Pyparsing: Parsing nested plaintext data with a key=value

Question

I'm new to python and I'm trying to parse some data using pyparsing that looks like this

string2 = """
object1 {
        key1 = value1
        key2 = value2
        #key3 = value3
        key4 = value4
        #key5 = value5
        key6 = value6
        subobject1 {
            key1 = value1
            key2 = value2
            key3 = value3
        }
}
"""

And I can get a key=value pair using this code

def parse_objects(source):
    LBRACE,EQ,RBRACE,HASH = map(Suppress, '{=}#')
    object_name = Word(printables)
    #disable = MatchFirst(map(Literal, '#'.split()))
    key = Word(printables)
    value = Word(printables)

    if LineStart() == HASH:
        key_and_value = Group(HASH + key('key') + EQ + value('value'))
    else:
        key_and_value = Group(key('key') + EQ + value('value'))

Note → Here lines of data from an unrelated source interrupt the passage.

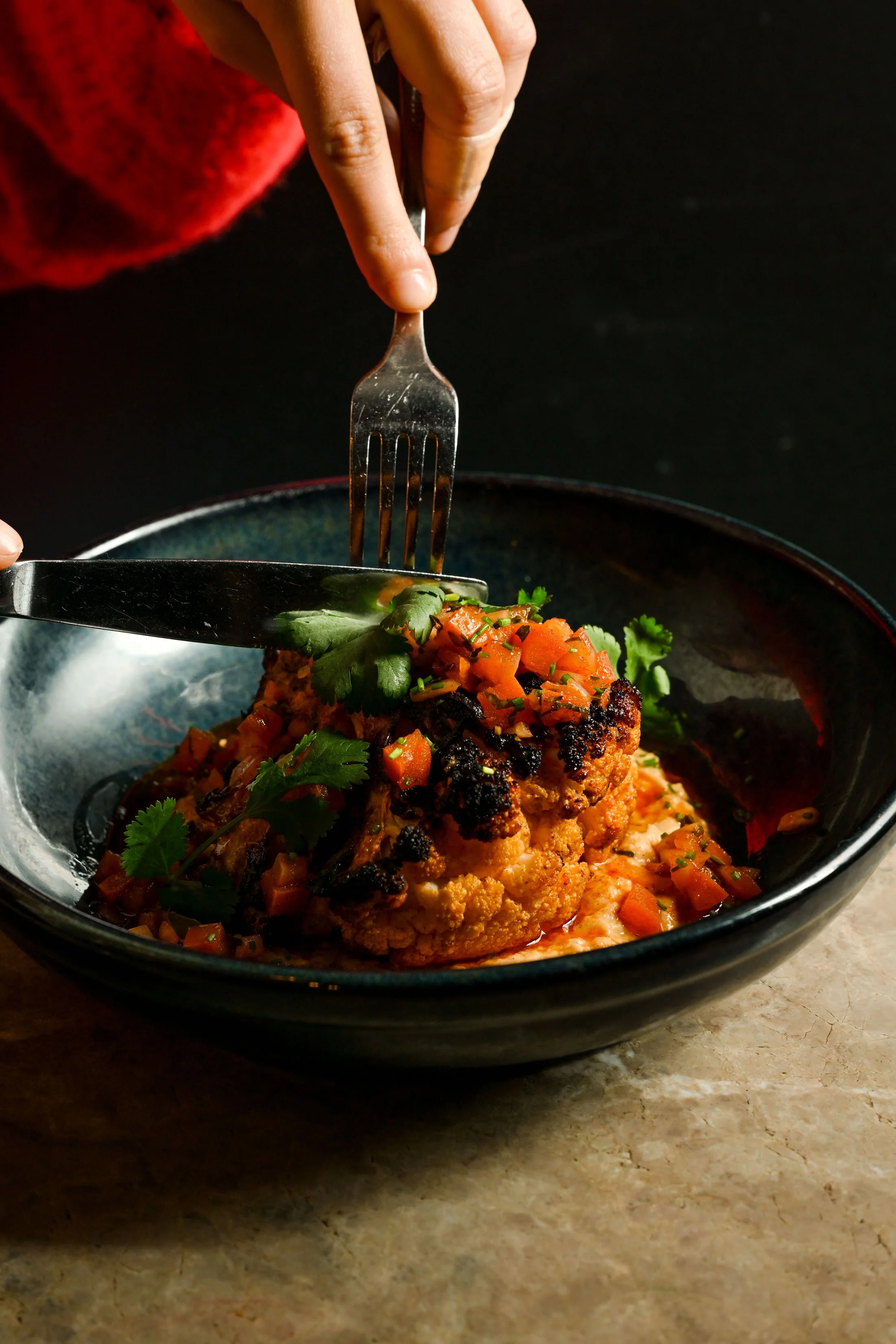 SMOKED CAULIFLOWER with red chimichurri & hummus.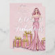 Old Hollywood Glam Woman Pink Glitter Effect Birthday Invitation with Silver Metallic Foil Accents.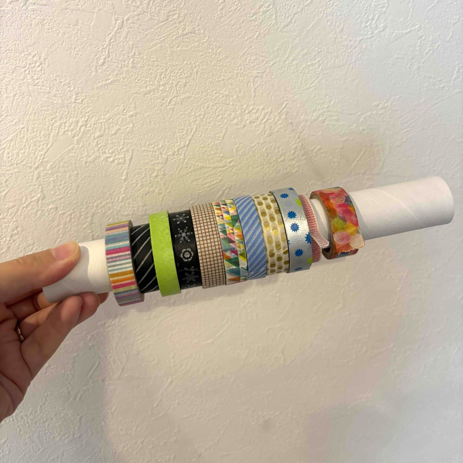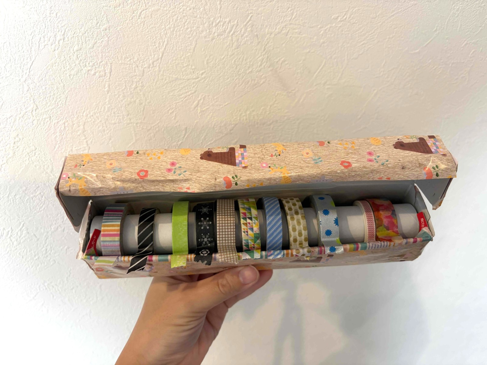 【3】ラップの芯にマスキングテープを通し、空き箱にセットしたら完成!
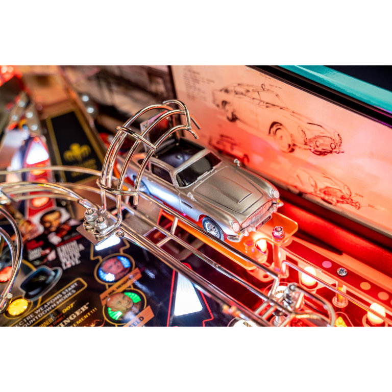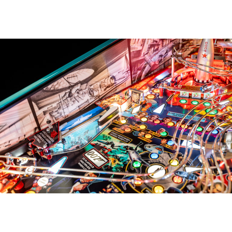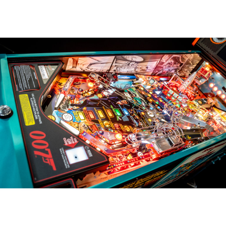 Gameplay features mission-driven objectives, fast ramps, multiball modes, and interactive targets inspired by classic Bond moments. Bright RGB LED lighting systems create dramatic effects during gameplay, enhancing immersion. Advanced audio technology delivers themed music and cinematic sound effects that match the spy adventure atmosphere.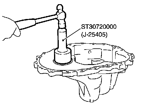 4.Install selected differential side bearing adjusting shim and then install differential side bearing outer race using Tool.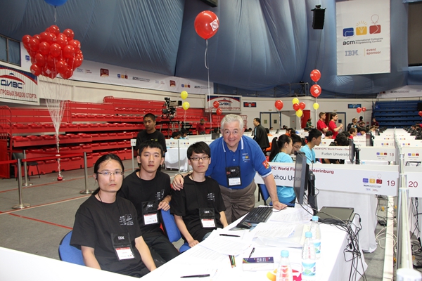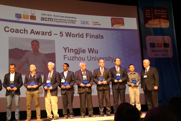 福大Hallucination代表队(由2013级计算机应用技术专业研究生卢清、2013级应用数学专业研究生钟亮和2010级软件工程专业本科生杨楠三位同学组成)在总教练吴英杰老师带领的教练团队指导下,经与国际知名高校代表队的激烈角逐,最终在122支强劲竞争对手中位居并列第19名。这是福大第五次晋级ACM-ICPC全球总决赛,也是福建省晋级本届全球总决赛的唯一高校。同时,由于福大已晋级ACM-ICPC全球总决赛五次,ACM-ICPC总部还授予福大ACM代表队总教练吴英杰老师“教练奖”荣誉称号!(教务处 陈坚民)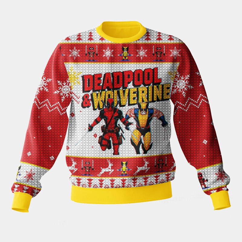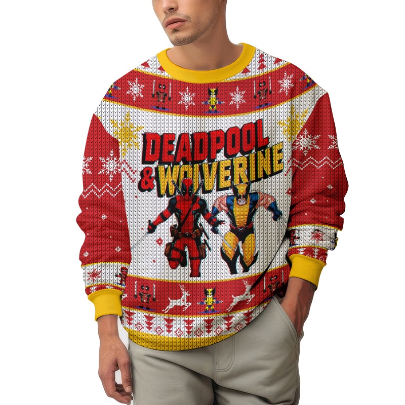 Hooktab Deadpool And Wolverine Happy Halloween Ugly Christmas Sweater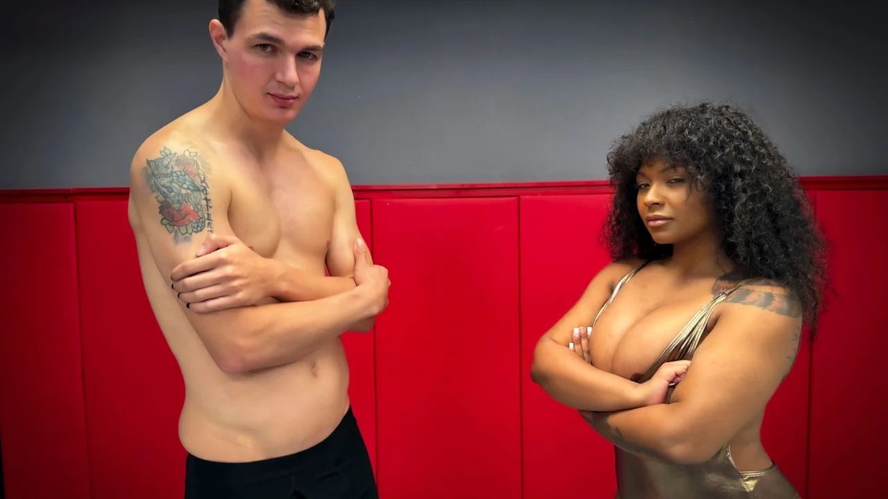 The wrestling match features a busty ebony and a hung man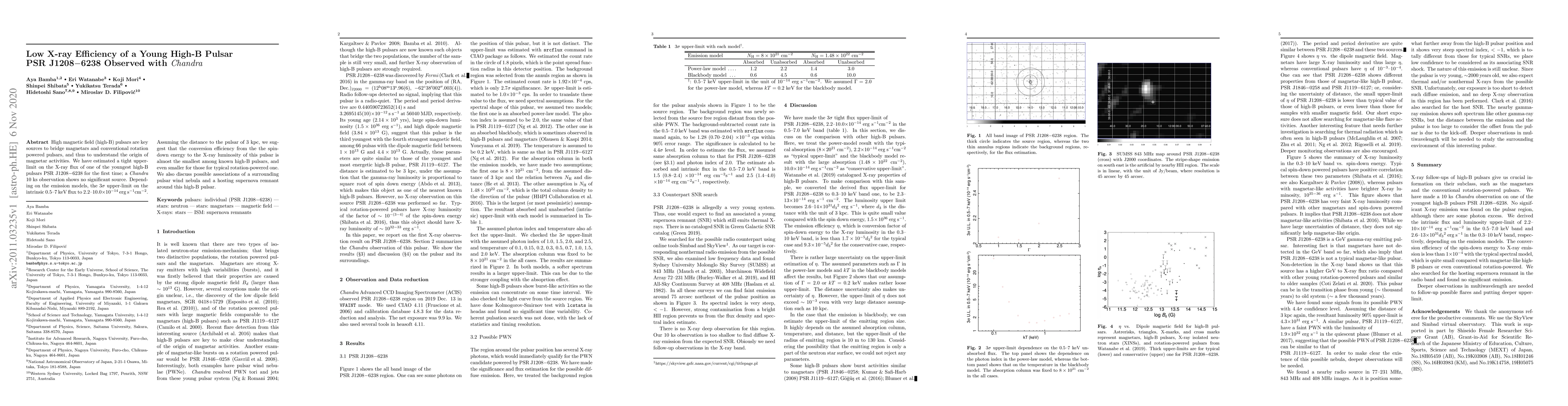 High magnetic field (high-B) pulsars are key sources to bridge magnetars and conventional rotation powered pulsars, and thus to understand the origin of magnetar activities. We have estimated a tight upper-limit on the X-ray flux of one of the youngest high-B pulsars PSR J1208-6238 for the first time; a Chandra 10 ks observation shows no significant source. Depending on the emission models, the 3sigma upper-limit on the intrinsic 0.5-7 keV flux to (2.2-10.0)e-14 erg/s/cm2.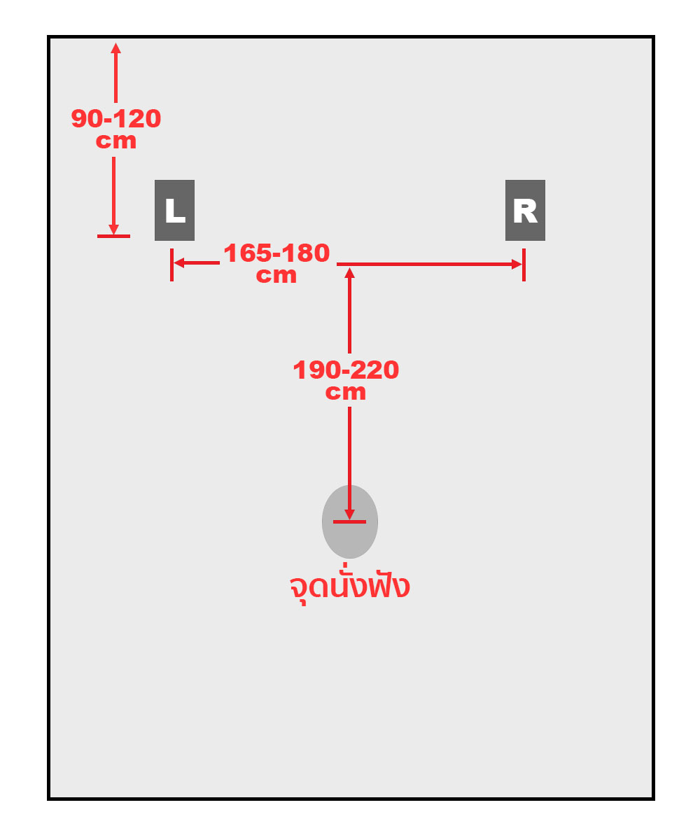2. “Distance from the wall” (ระยะห่างจากผนังหลัง) = มีสเกลให้เลือนเพื่อกำหนดระยะคร่าวๆ ระหว่าง <10 ซ.ม. (น้อยกว่า 10 ซ.ม.) ไปจนถึง >50 ซ.ม. (มากกว่า 50 ซ.ม.) ให้วัดระยะห่างของลำโพงกับผนังด้านหลังแล้วเลื่อนสไลด์ไปไว้ในตำแหน่งประมาณนั้น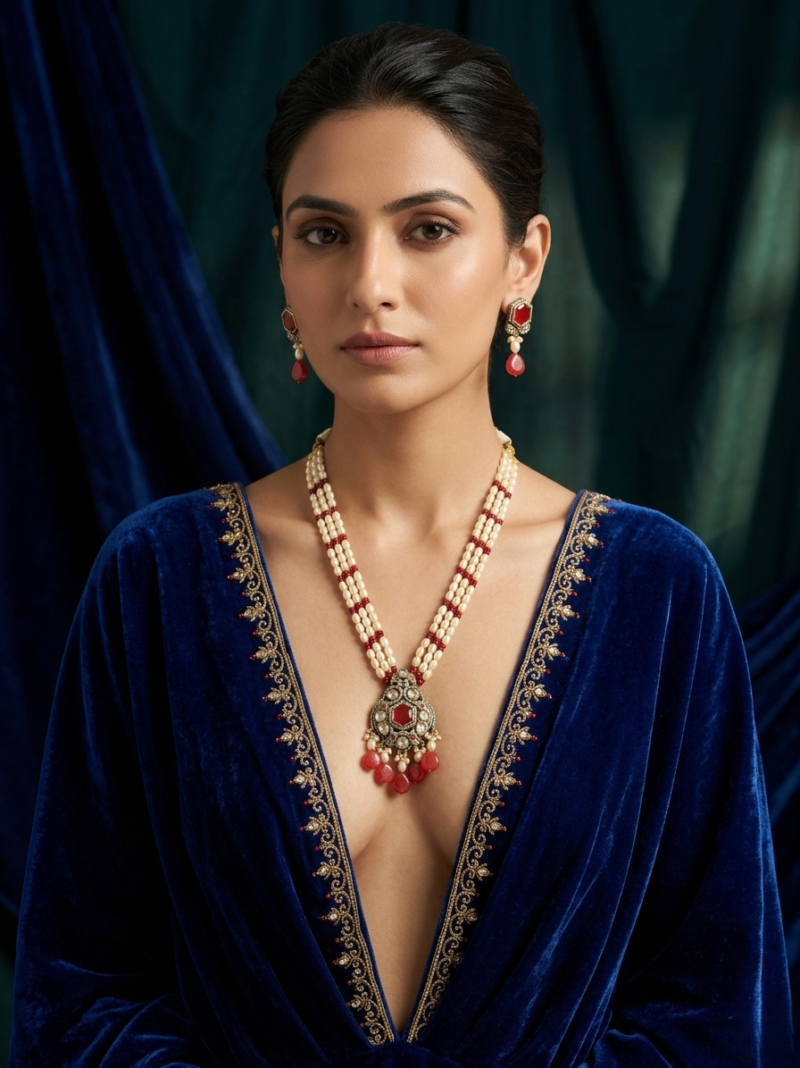 • The Earrings: The set includes a pair of matching drop earrings. Each earring features a geometric red stone stud followed by a cluster of pearls and a singular ruby-red teardrop, mirroring the design language of the main pendant for a cohesive bridal or festive look.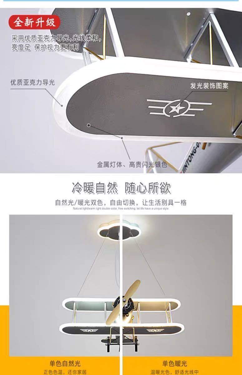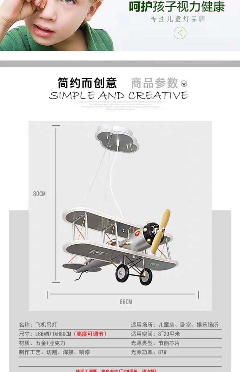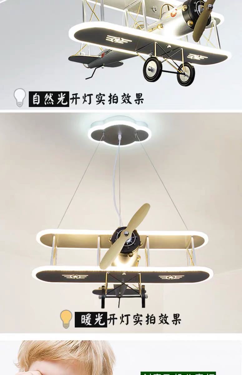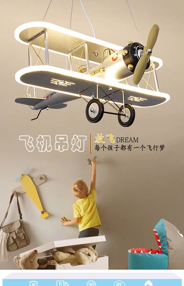 创意led儿童飞机灯男孩卧室房间灯个性现代时尚简约卡通吊灯灯具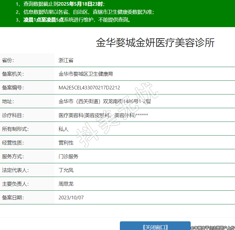 省份:浙江省備案機(jī)關(guān):金華市婺城區(qū)衛(wèi)生健康局備案編號:MA2E5CEL433070217D2212地址:金華市(西關(guān)街道)雙龍南街1486號1-2層診療科目:醫(yī)療美容科(美容皮膚科、美容外科)******所有制形式:私人經(jīng)營性質(zhì):營利性服務(wù)方式:門診服務(wù)法定代表人:丁允鳳主要負(fù)責(zé)人:周思龍備案日期:2023/10/07 -
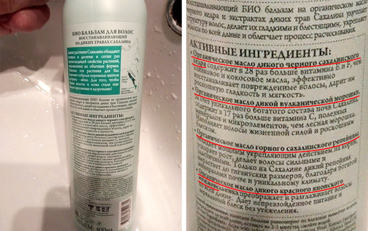 У цьому бальзамі для волосся виявилися масла чудових рослин: дикого чорного сахалінського кедра, дикого червоного японського ялівцю, гірського сахалінського будяків і дикої вулканічної морошки. Тільки ось у чому заковика: за словами екологів, вони нічого не чули про таких рослинах.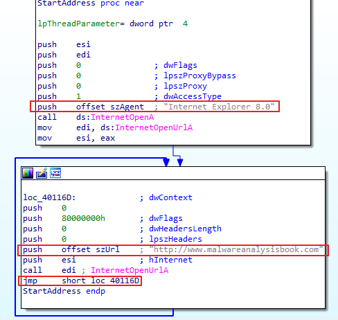 중요한 부분은 jmp short loc_40116D이다. 조건 없이 loc_40116D로 계속 점프해 반복하고 있어, http://www.malwareanalysisbook.com 에 접속하는 행위는 끝나지 않고 무한히 계속된다는 점이다.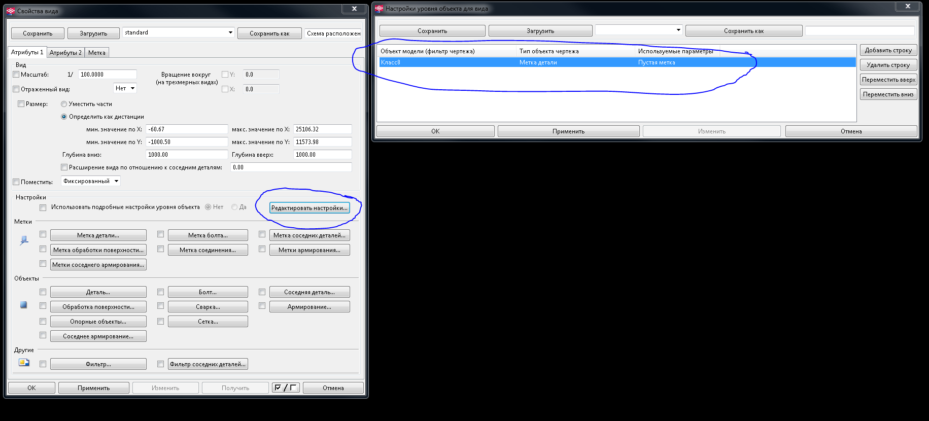 Итак, заходим в свойства вида, жмем фильтр, создаем фильтр, сохранем его. На изменить и прочие кнопки не жмем Дальше сохраняем пустую метку для детали, также из свойств вида Заходим в "Редактировать настройки", создаем строку и настраиваем как на картинке. Тут жмем наконец-то "Изменить", предварительно выбрав нужный видcowperwood писал(а):Добрый день...

    collection = Forward()
    object_body = Group(LBRACE + ZeroOrMore(collection | key_and_value) + RBRACE)
    collection <<= Group(object_name + object_body)

    return collection.parseString(source)

collection = parse_objects(string2)
print(collection.dump())

But I also need to parsing data that does not contain values in objects, only keys. For example

object1 {
        key1 = value1
        key2
        #key3 = value3
        key4
        #key5 = value5
        key6 = value6
        subobject1 {
            key1 = value1
            key2 = value2
            key3 = value3
        }
}

I tried to make changes to the code and add the checking expression if value is None. Something like this

if value is None:
    key_and_value = Group(key('key'))
else:
    if LineStart() == HASH:
        key_and_value = Group(HASH + key('key') + EQ + value('value'))
    else:
        key_and_value = Group(key('key') + EQ + value('value'))

but I get an error

Match W:(0123...) at loc 19(3,9)
Matched W:(0123...) -> ['key1']
Match W:(0123...) at loc 25(3,15)
Matched W:(0123...) -> ['value1']
Match W:(0123...) at loc 41(4,9)
Matched W:(0123...) -> ['key2']
Traceback (most recent call last):
  File "c:\Python27\my_projects\test_parser.py", line 86, in <module>
    collection = parse_objects(string2)
  File "c:\Python27\my_projects\test_parser.py", line 84, in parse_objects
    return collection.parseString(source)
  File "C:\Python27\lib\site-packages\pyparsing.py", line 1632, in parseString
    raise exc
ParseException: Expected "}" (at char 41), (line:4, col:9)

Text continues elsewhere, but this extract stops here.